Recognition results post-processing

In many scenarios captured recognition data may require further post-processing in order to prepare or clean up data, or for adding additional validation hooks for documents like Invoices, where sum of line items has to be equal to the total invoice amount. For such scenarious elDoc IDP&BPM system provides post-processing functionality.

Post-processing functionality is based on the JavaScript script engine as such standard JavaScript syntax has to be used for writing post-processing code.
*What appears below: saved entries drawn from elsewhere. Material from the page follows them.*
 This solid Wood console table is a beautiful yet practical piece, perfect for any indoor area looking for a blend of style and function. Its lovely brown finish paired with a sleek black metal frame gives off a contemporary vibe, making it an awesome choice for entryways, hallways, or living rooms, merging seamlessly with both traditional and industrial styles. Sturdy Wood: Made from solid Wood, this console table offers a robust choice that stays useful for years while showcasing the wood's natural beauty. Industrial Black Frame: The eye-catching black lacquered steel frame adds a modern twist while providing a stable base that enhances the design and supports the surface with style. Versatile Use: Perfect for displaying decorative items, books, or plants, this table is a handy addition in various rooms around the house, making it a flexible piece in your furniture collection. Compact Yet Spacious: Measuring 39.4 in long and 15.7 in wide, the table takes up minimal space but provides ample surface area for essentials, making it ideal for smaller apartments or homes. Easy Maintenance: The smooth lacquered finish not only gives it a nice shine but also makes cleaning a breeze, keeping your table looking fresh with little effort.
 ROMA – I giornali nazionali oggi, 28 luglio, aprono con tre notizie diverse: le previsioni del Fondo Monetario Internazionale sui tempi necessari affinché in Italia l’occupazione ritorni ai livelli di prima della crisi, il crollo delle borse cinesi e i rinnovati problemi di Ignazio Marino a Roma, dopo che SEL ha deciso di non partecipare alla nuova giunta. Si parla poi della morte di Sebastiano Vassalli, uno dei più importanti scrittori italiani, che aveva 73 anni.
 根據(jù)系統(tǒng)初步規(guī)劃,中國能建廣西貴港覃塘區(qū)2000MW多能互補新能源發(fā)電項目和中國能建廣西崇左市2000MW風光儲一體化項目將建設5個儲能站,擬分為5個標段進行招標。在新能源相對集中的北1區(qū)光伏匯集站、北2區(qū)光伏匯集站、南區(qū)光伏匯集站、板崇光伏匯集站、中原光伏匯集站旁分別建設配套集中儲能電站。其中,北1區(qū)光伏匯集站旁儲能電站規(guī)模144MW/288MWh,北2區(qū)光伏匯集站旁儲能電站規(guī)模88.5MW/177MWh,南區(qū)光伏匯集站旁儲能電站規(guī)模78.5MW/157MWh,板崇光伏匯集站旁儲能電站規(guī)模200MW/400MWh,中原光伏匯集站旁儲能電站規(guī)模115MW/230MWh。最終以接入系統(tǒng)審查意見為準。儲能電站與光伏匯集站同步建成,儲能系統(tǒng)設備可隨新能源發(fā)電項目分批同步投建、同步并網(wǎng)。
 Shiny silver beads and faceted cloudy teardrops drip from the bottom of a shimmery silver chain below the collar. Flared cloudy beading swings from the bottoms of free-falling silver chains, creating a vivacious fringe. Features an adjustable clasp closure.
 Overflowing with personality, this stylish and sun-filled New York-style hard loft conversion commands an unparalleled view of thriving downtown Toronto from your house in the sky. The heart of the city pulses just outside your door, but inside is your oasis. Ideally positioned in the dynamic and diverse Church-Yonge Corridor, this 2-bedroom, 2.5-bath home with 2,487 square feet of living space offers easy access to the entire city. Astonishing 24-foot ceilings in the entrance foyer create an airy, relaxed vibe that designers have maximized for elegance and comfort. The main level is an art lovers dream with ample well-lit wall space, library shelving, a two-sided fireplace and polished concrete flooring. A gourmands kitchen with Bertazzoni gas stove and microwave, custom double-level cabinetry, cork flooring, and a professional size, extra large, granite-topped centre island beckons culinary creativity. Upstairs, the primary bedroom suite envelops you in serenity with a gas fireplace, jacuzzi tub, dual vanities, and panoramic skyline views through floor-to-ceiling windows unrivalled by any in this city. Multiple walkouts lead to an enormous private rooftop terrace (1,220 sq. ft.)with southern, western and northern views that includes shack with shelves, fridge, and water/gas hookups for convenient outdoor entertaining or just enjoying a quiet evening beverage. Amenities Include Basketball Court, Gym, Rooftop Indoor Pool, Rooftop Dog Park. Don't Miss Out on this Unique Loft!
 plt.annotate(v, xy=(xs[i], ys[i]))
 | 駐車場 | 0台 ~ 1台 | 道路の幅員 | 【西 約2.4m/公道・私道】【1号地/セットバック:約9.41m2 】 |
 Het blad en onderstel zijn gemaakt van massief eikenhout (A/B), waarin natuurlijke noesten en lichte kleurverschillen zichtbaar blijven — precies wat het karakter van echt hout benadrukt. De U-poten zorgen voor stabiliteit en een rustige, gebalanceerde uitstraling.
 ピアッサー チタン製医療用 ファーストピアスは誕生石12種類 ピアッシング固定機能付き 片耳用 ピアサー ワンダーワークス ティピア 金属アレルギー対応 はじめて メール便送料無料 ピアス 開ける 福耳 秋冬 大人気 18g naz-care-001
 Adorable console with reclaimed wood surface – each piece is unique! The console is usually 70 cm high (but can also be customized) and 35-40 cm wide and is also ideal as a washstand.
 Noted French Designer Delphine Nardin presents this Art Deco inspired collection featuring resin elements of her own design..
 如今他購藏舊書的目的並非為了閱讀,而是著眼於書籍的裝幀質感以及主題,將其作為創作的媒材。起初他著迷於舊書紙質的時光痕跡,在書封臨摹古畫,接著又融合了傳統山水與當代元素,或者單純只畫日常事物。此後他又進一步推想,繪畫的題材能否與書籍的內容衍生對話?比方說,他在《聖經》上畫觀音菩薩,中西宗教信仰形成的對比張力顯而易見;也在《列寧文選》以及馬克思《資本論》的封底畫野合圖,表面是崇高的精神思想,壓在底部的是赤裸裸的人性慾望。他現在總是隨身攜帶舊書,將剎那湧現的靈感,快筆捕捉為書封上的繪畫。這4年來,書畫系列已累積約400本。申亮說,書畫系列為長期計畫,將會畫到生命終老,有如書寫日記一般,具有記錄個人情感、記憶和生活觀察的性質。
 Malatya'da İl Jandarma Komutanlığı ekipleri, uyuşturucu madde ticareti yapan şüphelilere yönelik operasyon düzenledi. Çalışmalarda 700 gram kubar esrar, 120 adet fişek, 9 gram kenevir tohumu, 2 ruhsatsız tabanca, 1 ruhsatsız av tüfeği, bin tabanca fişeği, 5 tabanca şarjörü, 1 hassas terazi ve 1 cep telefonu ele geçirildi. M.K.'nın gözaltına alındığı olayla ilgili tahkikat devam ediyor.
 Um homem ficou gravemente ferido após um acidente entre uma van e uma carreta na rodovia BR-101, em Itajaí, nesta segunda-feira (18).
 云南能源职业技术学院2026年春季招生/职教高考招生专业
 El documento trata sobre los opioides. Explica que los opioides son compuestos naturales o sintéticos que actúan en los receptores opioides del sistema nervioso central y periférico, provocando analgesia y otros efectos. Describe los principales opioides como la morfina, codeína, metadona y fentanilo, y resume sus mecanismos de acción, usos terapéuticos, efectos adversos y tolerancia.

Post-processing can be defined for the specific fields and for the whole RecoForm.

Code repository

Post-processing code repository is provided for storing codes (functions) which are to be shared across different fields and RecoForm post-processing code snippets. Code repository is accessible via the Recognition rules managementpage by pressing Code repository button.

Important:

  • on RecoForms export - whole code repository contents is being exported and saved within RSF-file;
  • on RecoForms import - codes are being imported and appended to the existing code repository. Imported codes are appended after the following divider:
    //
    // Imported by RFS-import on: 17.06.2021 08:26
    //

Bitap support in post-processing

Due to the nature of IDP when using OCR for data recognition some words may come with obvious mistakes. In order to automatically handle such scenarios elDoc provides embedded support for the basic Bitap operations in postprocessing for achieving better results.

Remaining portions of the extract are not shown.